I couldn’t go in there for the longest time. I sat outside in the..lobby? If you can call it that, sure. I sat there, too scared to go in and see him lying in that box. I remember how his wife came out and hugged me. There was a lot of drama with her because they had only been married for a few years. I didn’t really like her either. No one really liked her.

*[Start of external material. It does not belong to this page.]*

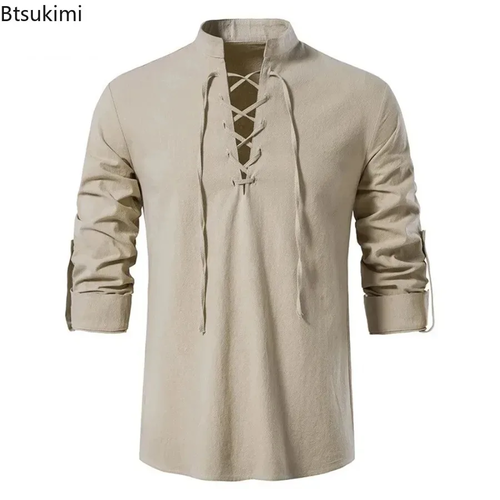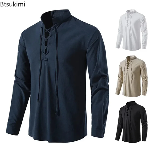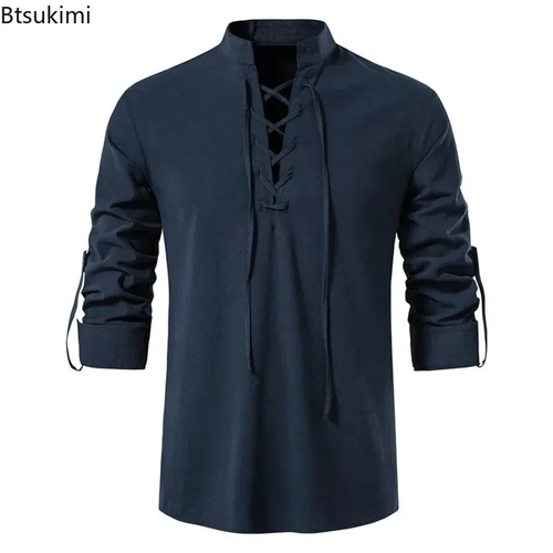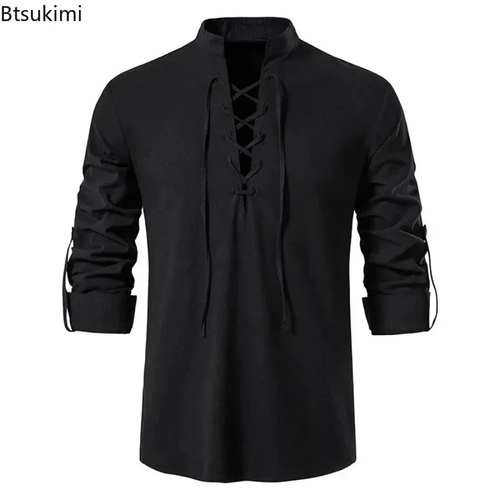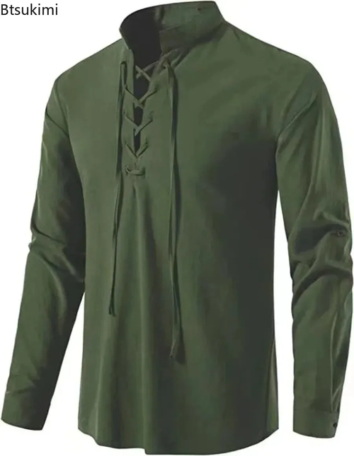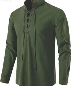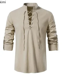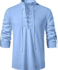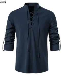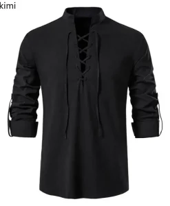 Elevate your style with this Men’s Casual Cotton Linen Shirt, designed with a classic medieval renaissance look. Featuring a long sleeve, stand collar, and lace-up front, this retro-inspired shirt is perfect for pirate cosplay, renaissance fairs, or casual everyday wear. Made from a comfortable cotton-linen blend, this top is breathable and soft, making it an ideal choice for costume events or laid-back outings.

I peeked into the room. I could see the tip of his sharp nose and just a hint of his forehead poking out over the side of the casket. I slowly worked my way in and settled myself on a couch on the far side of the room. All four of his high school yearbooks sat on a table and I found every picture of him in them. He was so good looking, so smart, so promising. He looked pretty much the same now, just older. He was a lawyer, you know. I was so proud of him.
Eventually someone, I don’t remember who, walked me up to the casket, and I looked at him. I could tell that he had makeup on. He was dark-skinned naturally, but the makeup faked this matte brown color that he just..wasn’t. His fingers looked so long folded up on his stomach. I expected him to get up; to look at me and smile and hug me and tell me it was okay, that he was just kidding. Then we would all laugh and go back to his house and have some chili. I wondered if he was wearing that cologne that smelled so characteristically like him. He probably wasn’t. All I could smell were those damn flowers. His second ex-wife, my step-step-ex-grandmother (the prefixes are superfluous, really), grabbed his hands and kissed his forehead in tears. I didn’t know how she could do that. I didn’t know how she could touch his cold dead flesh and feel anything but eeriness and fear.
I’ve always feared death. The idea of keeping a dead body in my house was just inconceivable. No way. I would be scared that it would come back to life and haunt me. But after listening to Dembosky’s story I’ve realized that the body is just the vessel through which the animation of life takes place. It’s like the picture frame that once housed a masterpiece. The fact that it is carbon-based and now decomposing is just an extra little tidbit, an insignificant detail. I guess I can understand wanting to hold onto it for as long as I can.
I feel like the family is still reeling from his death. We haven’t fully recovered. It’s been five or six years now, I guess. I wish I could call him up and tell him about my plans. I want him to come to my graduation in May and tell me how proud he is. I want him to read this blog. I still miss him. It’s weird because I’ve never been particularly attached in personal relationships. If this had not have happened, I never would have imagined that after five years, I could still cry about the loss of a person. But here I am. It’s raw human emotion, and although it is sad, I also find it to be refreshing and relieving. I go through so much of my life feigning appropriate emotions for situations; seldom do I genuinely and wholeheartedly feel something with all of my being.